Note To Criminals -- Don't Call Tech Support  - thinkingserious
http://arstechnica.com/news.ars/post/20071023-would-be-identity-thief-finds-himself-stumped-without-printer-drivers.html
There are a few things in this world that thieves need to keep in mind in order to run a successful criminal operation. For example, don't take the cash you just stole from one bank to another bank down the street to have it deposited into your account. Don't steal someone's MacBook and take it to the Apple Store Genius Bar the next day to get help with OS X. And finally, don't steal a drivers' license printer from the DMV, only to call up the manufacturer the next day looking for drivers.
======
henning
People who steal computer equipment, and probably just thieves in general,
tend to be pretty dumb.

A friend of mine had his laptop stolen. A few days later, the thief fired up
AOL Instant Messenger on the stolen laptop using my friend's screenname and
started chatting, taunting him and so forth.

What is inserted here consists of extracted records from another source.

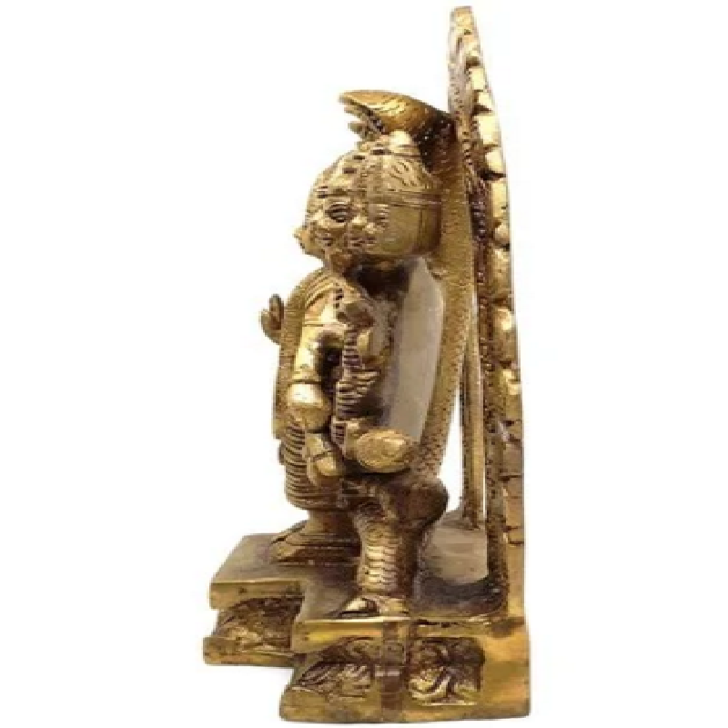 A brass cast of 'Vishvarupa' ("Universal form", "Omni-form").It is an iconographical form and theophany of the Hindu god Vishnu or his avatar Krishna. It is said to be the physical manifestation of the indescribable Supreme Being. Vishvarupa is considered the supreme form of Vishnu, where the whole universe is described as contained in him. Hindu mythology has multiple mentions of this manifestation of Vishnu that has overwhelmed the human senses because of its infinite nature. Seen here with 'Adishesha' (the foremost of snakes) forming a protective umbrella over Vishnu.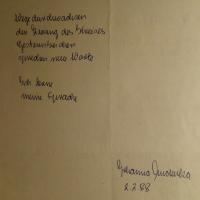 1933-2022, Schriftstellerin - E. Gedicht (6 Z.), U. und D. (Ulm) 2.2.1988. Mit Begleitbr. mit e. Grüßen und U. Dazu ihr Gedicht-Heft "Für L." (1986) mit U. auf Titel. Mit postal. Umschlag.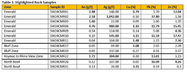 - Roymac to Rhine View: rock grab sample results include 1.71 g/t Au, 304 g/t Ag and 13.01% Pb.

Well, my friend called AOL and the police. AOL cooperated, his IP address and
other info was given to the police, the police found out where he was
connecting from, and he was arrested. It turns out he was living in a house
with 4 other people with arrest warrants.

------
cstejerean
Natural selection applies to criminals as well. I'd love to see some sort of
Darwin Awards for stupid criminals.